In Progress
Unit 1, Lesson 21
In Progress

Subprocesses Part 3: Spawn

Video transcript & code

In the first episode of this series, we saw how the Kernel.system method was great for executing subprocesses where we didn't care about the output. But we also learned that the system method is not so great when the command being run might take a while to complete.

For instance, here's a script for generating short 30-second preview files from a list of MP4 video files.

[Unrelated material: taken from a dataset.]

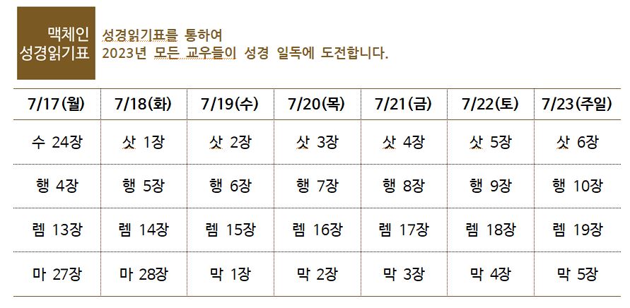 1. 7월에도 하나님이 우리나라, 가정, 교회, 일터를 돌보아주시고, 우리에게 맡기신 일을 신실하게 감당하여 선한 열매를 맺기 원합니다.

I'm not going to go into detail about how this is accomplished. All you need to understand is that this script assembles a fairly elaborate invocation of the avconv utility.

It first echoes the command to standard output, and then executes it using system.

fade_args = "fade=type=in:nb_frames=15, fade=type=out:start_frame=870"

ARGV.each do |input_file|
  output_file = File.basename(input_file, ".mp4") +
                "-preview" +
                File.extname(input_file)
  command = %W[avconv
               -ss 30
               -i #{input_file}
               -y
               -strict -2
               -t 30
               -vf '#{fade_args}'
               #{output_file}
               > /dev/null 2>&1
            ].join(" ")
  puts command
  system(command)
end

When we run this command with some video files as input, we see the first command echoed.

Then we have to wait for that command to finish before the next command starts.

…and so on, until it runs out of input files.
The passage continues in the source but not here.